However, this does not mean that any shortened gait is collected. Riders who try to pull their horses into a shortened gait (riding "front-to-back"), rather than contain the energy coming from the hindquarters (riding "back-to-front"), will produce a shortened stride, but the horse will continue to carry his weight on his front end, and will simply have stiff, unathletic movement. The shoulders will not be raised, and the horse will find it more difficult to perform a task than he would otherwise. The hind legs will usually be "strung out behind," rather than coming up under the body with each stride to support it, and the back will be dropped rather than properly raised upward.

Specific uses in sport
Collected gaits are asked for in dressage tests from the mid-levels upward, at the walk, trot, and canter. Additionally, a high degree of collection is required of the rider in more advanced dressage moves, such as the pirouette, piaffe, and passage. The ultimate level of collection is the levade, in which the horse carries 100% of his weight on his hindquarters. Unlike a rearing horse, the horse's rear legs are well under it, and it can safely support itself in an upright position for a time and then lower itself to the ground under control.  

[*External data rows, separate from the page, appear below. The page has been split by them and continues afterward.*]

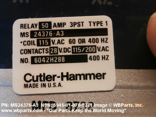 NSN 5945-01-070-8371 MS24376A3, MS24376-A3, MILPRF6106
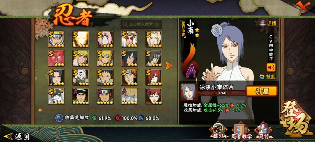 黄猿,解班,传自,忍战樱,侠影纲手(带皮肤),新春小南,10S 27A超多B忍和C忍
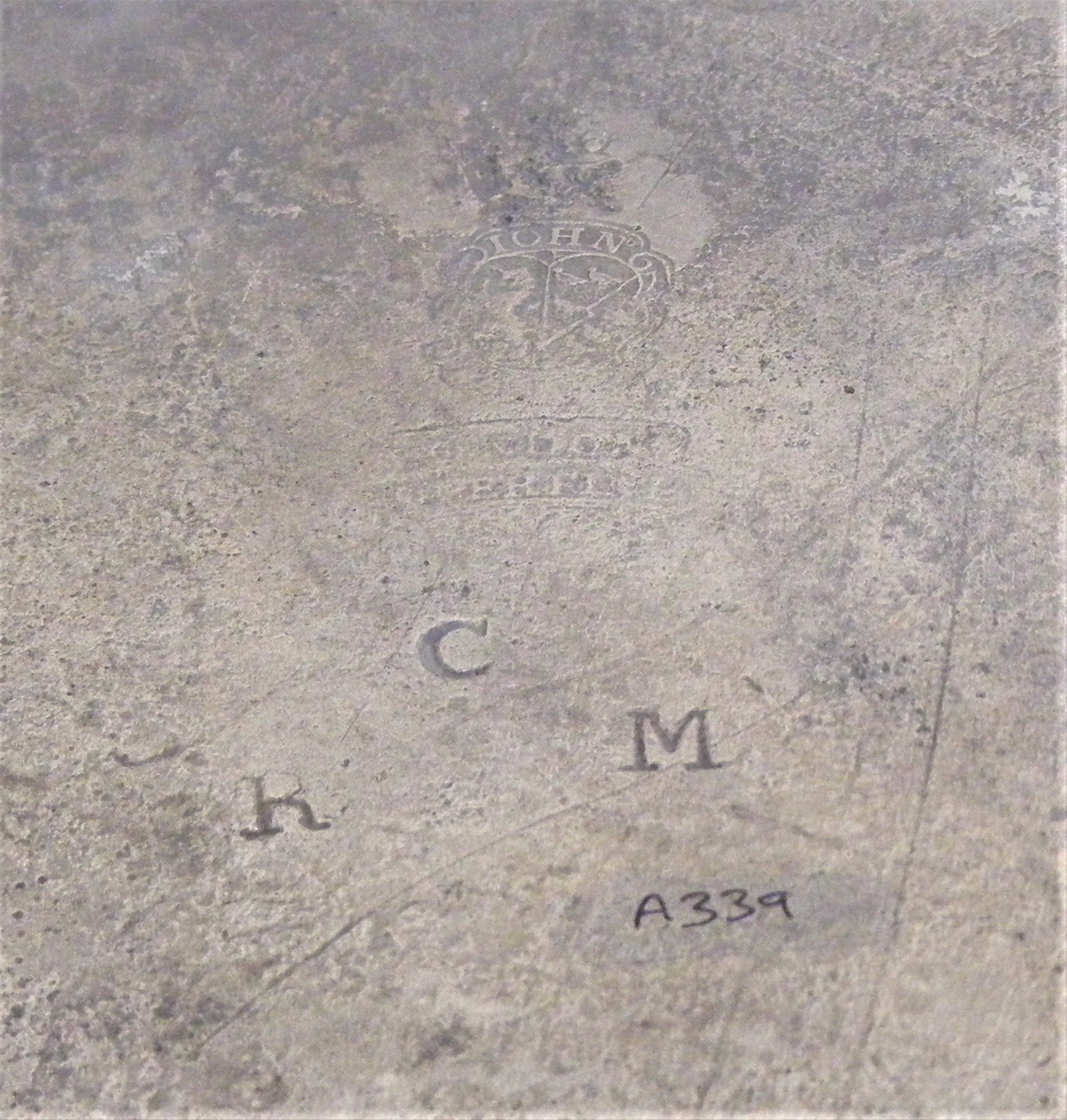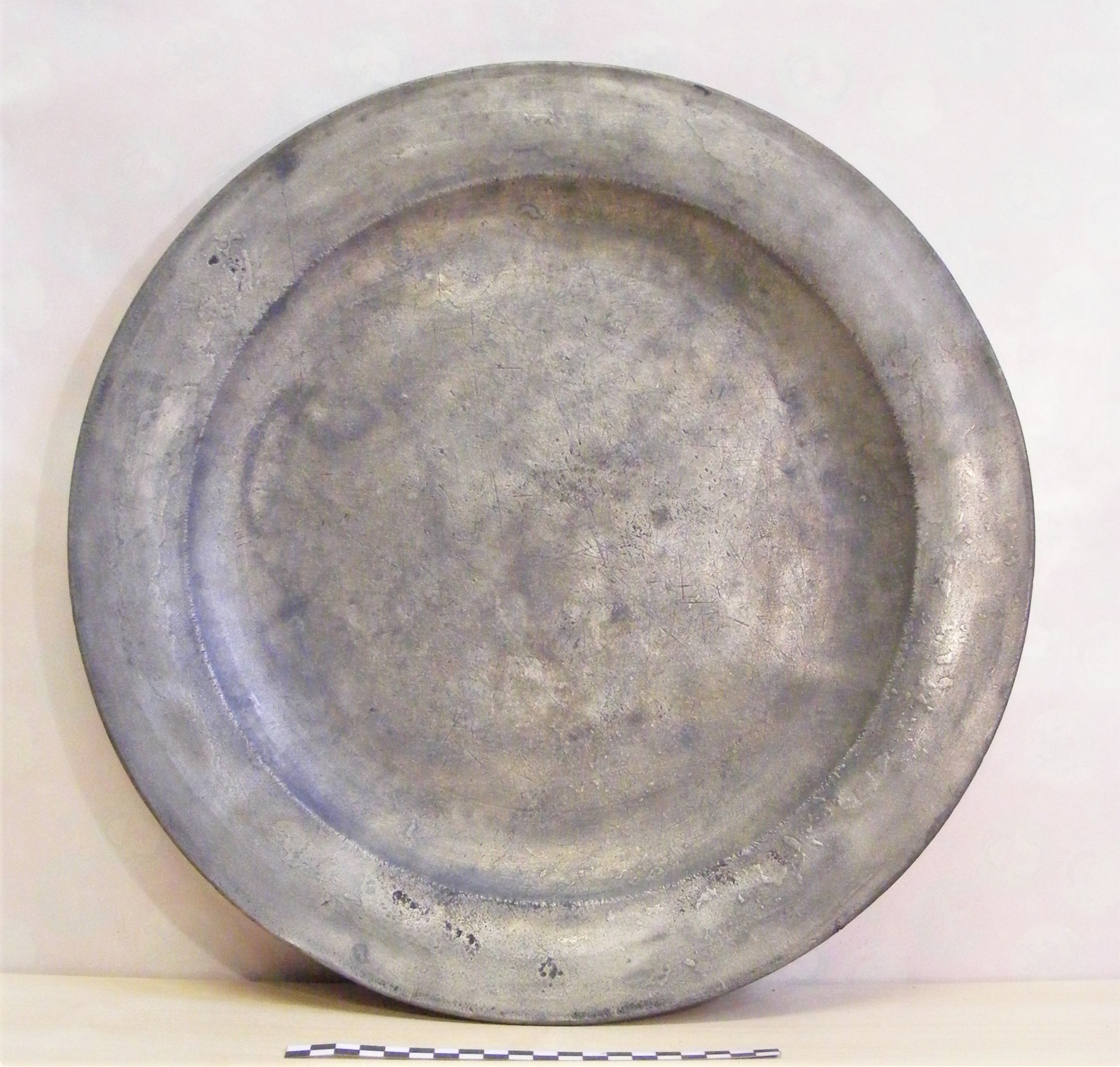 - DescriptionLarge pewter plate or shallow dish. Base is stamped with 'RMC' and maker's mark, a crowned 'X' over a coat of arms and 'JOHN ?LONDON?....'.

Collection is also essential in jumping. Most horses will physically be unable to jump extremely high fences (such as those seen in Grand Prix show jumping or puissance classes) without collection, as they will not have enough power to make it over the obstacle. Speed is not a substitute, and a horse that is simply galloped at a fence will find it extremely difficult to raise his forehand upward on takeoff and gain enough height over the fence. Instead, he will jump flat, without bascule, and will be much more likely to pull a rail. Secondly, horses must be adjustable within jumping courses, having the ability to shorten or lengthen their stride between obstacles, especially if placed in a combination. A horse that is not collected will find it very hard to seamlessly shorten his stride in a related distance, and may be forced to take off too close or too far away from the jump, which greatly increases the chance he will hit it.

Collection also makes it easier for a horse to make sudden changes of direction, such as those required by western performance horses. Cutting horses are excellent examples, as they crouch low and back on their hindquarters so they may quickly move side to side to mirror the movements of the calf.